入冬的第一场雪,来得比往年早了些。清晨推开窗,乌镇已裹在一片素白之中,青瓦上的积雪簌簌滑落,在檐下堆起小小的雪堆,河道上结了层薄冰,乌篷船静泊在岸边,像水墨画里的留白。
沈砚之披着厚氅站在廊下,看着庭院里那株桂树。
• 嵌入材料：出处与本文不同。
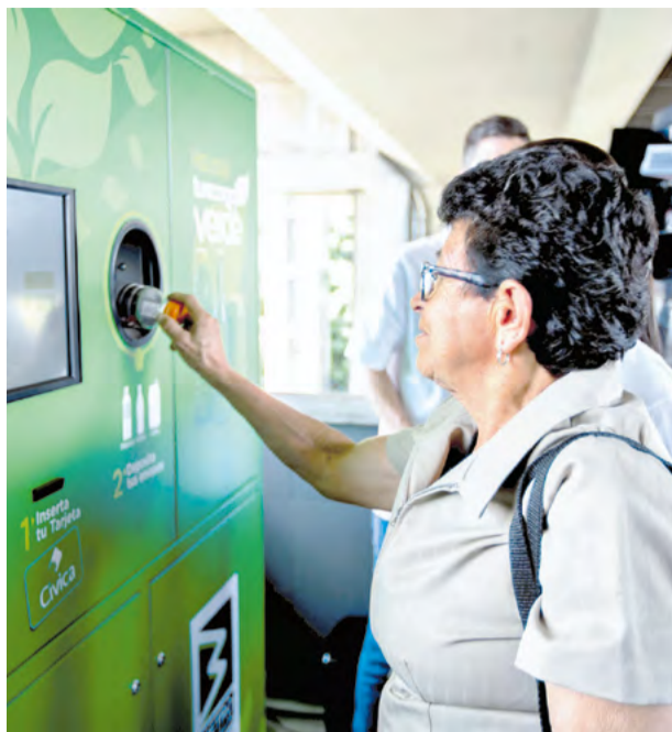
Durante 2018 el programa de Recarga Verde se expandió hasta tener cinco máquinas en todo el Sistema.

El proyecto de Recarga Verde cumple su primer año de operación oficial con la satisfacción del deber cumplido. La activación de los cinco puntos de recarga en las estaciones Universidad, Niquía, Santo Domingo, San Antonio e Itagüí durante este 2018 y la gran aceptación por parte de los viajeros, ratifican el éxito del proyecto.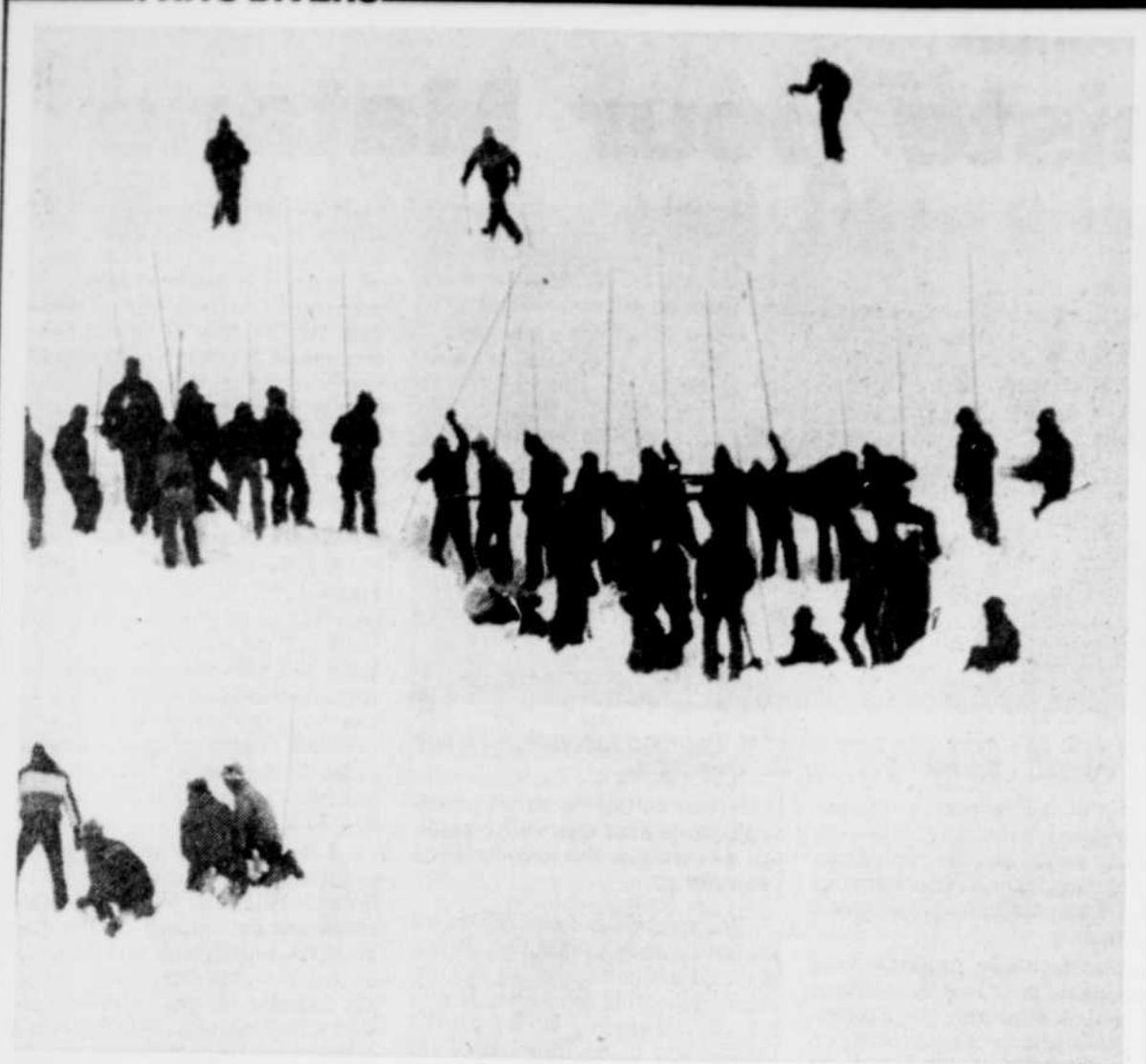
Skieurs tués par une avalanche Trois skieurs qui pratiquaient leur sport, mercredi, en dehors des limites de la station de ski de Breckenridge, au Colorado, ont perdu la vie par suite d'une avalanche. L'un des corps a été retrouvé en fin de journée mercredi, et les deux autres hier. Environ 250 volontaires participent toujours aux recherches en vue de retracer un quatrième skieur porte disparu.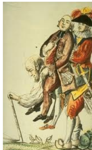
У Жака-простака широкая спина, всё вынесет...

12 июля 1789 года Париж узнал о том, что их любимого министра Неккера, с которым связывали надежды на выход Франции из тяжелого социально-экономического и политического кризиса , попросили

枝桠上积着雪,偶尔有几片残叶从雪间飘落,惊起几只栖息在枝头的寒鸦。寒鸦扑棱着翅膀掠过院墙,留下几声嘶哑的啼鸣,在寂静的雪天里显得格外清晰。
“先生,雪下得这么大,今天的书会怕是开不成了。”
阿竹抱着一捆柴从外面进来,靴底沾着雪,在青石板上踩出一串湿漉漉的脚印,“李掌柜刚才派人来说,镇上的路滑,好多街坊都来不了。”
沈砚之笑了笑:“无妨,书会本就是图个乐呵,不必太较真。”
他所说的书会,是镇上几个爱书人约定的每月小聚,轮流在各家宅院谈诗论画,今日原该轮到沈家老宅。
白灵端着一盆炭火从厨房出来,放在廊下的竹桌上:“烤烤火暖暖身子吧。阿秀在屋里学剪纸,说要剪些雪花贴在窗上。”
她穿着件胭脂色的棉袄,领口和袖口滚着白狐毛,脸颊被炭火映得红扑扑的,像熟透的苹果。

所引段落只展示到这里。